Most of the datasets are outdated and are only associated with information technology systems. The KDD cup 1999 dataset was developed in 1998 and last updated in 2008. The 1999 DARPA dataset created to validate the effectiveness of IDS, was found to contain unintended patterns. Gao’s dataset was also found to have obvious unintended patterns, unsuitable and outdated for IDS research.

The contribution of this paper is to introduce an innovative and cost-effective real-time network traffic testbed, which can mimic the industrial control system operation. The packet capture file can be utilized to develop anomaly-based Machine learning algorithms for intrusion detection in ICS systems. An intrusion detection system (IDS) integrated with machine learning (supervised and unsupervised techniques) can improve the detection rates of ICS SCADA system attacks [3]. A variety of machine learning methods use mathematical techniques to learn, profile, classify and predict unusual results. For supervised methods, a pre-labelled data feature is required, and unsupervised methods do not require pre-labeled data to be analyzed.

This paper is subdivided into the following sections: Section I deals with ICS OT details with the public datasets available for machine learning analysis. Section II highlights the innovative ICS portable kit prototype and setup that is available at IIUM lab facility and its industrial network data capture with real-time control system operation for a normal scenario, along with traditional machine learning techniques which can be deployed for attack detection. Section III describes the methodology of generating ICS OT real-time network dataset along with simulation of advanced ethical hacking attacks using cyber test kit. Section IV details the anomaly detection capability of ML algorithms with the industrial datasets. The paper then concludes with future works for deep learning ML algorithms, based on the OT traffic data for different scenarios.

2  Related Work

Many researchers use publicly available data sets to analyze machine learning strategies. Some public database shortcomings are highlighted as follows. The proposed framework in [4] is limited to Modbus/TCP-based content. Data size in [5] is very limited in online testing activities and only multi-machine learning strategies are developed. The database used in [6] is out of date and does not include current threats, whereas the data size used in [7] is small (about 1000 cases) and limited to single cyber- attack. In [8], the database is out of date, and the attacks were related to the IT domain.

The Singapore University of Technology has developed water treatment testbed with SCADA network traffic and attack scenarios [9]. Recently, real-time data sets that include standard and 35 types of cyber-attacks were introduced to train and test machine learning techniques. Comparison of the performance of the algorithm is done only with supervised machine learning techniques. The results show a high rate of false detection in algorithms [10]. The performance of ML algorithms may provide a satisfactory outcome on the public dataset. However, the payload/data frame is manipulated with datasets labels and manually randomize and parameterize the attacks, to mimic the operational/attack scenario [11]. The research gap was identified in a comprehensive study of the analysis of the effects of malicious activities using protocols pertaining to OT industrial processes in [12].

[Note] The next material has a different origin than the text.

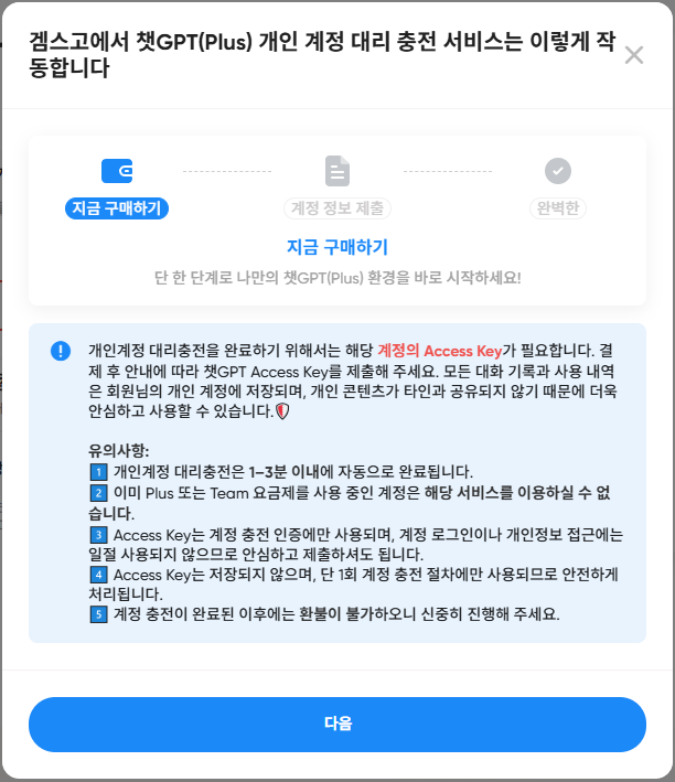 5. 결제 전 개인 계정 대리 충전 서비스 작동 방식에 대한 설명문이에요. 유의 사항을 읽어 보신 후 다음을 클릭해 주세요.

2.1 ICS Cyber Testbed Prototype

The ICS cyber portable test kit can overcome the main concern for researchers—lack of common framework and dependence on public datasets which usually do not include all types of attacks to train and test the algorithms.

In collaboration with industrial partner (Necon Automation), IIUM has developed an in-house innovative portable ICS cyber test-kit for research & training purposes [13]. The package consists of a PLC system, HMI system, Process simulation modules, Ethernet switch, Physical sensor, and Attacker system. The ICS portable kit package provides real industrial network flow data for research & training, and machine learning software development. The ICS kit prototype is depicted in Fig. 1.

images

Figure 1: ICS portable testbed prototype

2.2 ICS Cyber Testkit Components

The ICS portable kit package is made up of the following components, as depicted in Fig. 2.

images

Figure 2: ICS portable testbed components

•   PLC system (IP address-192.168.101.22): SIMATIC S7-1200 Siemens for process operation simulation.

•   HMI system (IP address-192.168.101.23): SIMATIC Basic panel Siemens for a graphical interface.

•   Ethernet switch (IP address: 192.168.101.111): Scalance XB213 Siemens with mirror port facility to copy the operational technology network traffic.

•   Process simulation modules—Analogue, digital inputs/outputs for field process simulation.

•   Physical Sensor: Data collection of network traffic with Deep Packet Inspection (DPI).

•   Attacker system: Launch OT attacks, Penetration test software with Kali Linux installed on virtual platform with a license.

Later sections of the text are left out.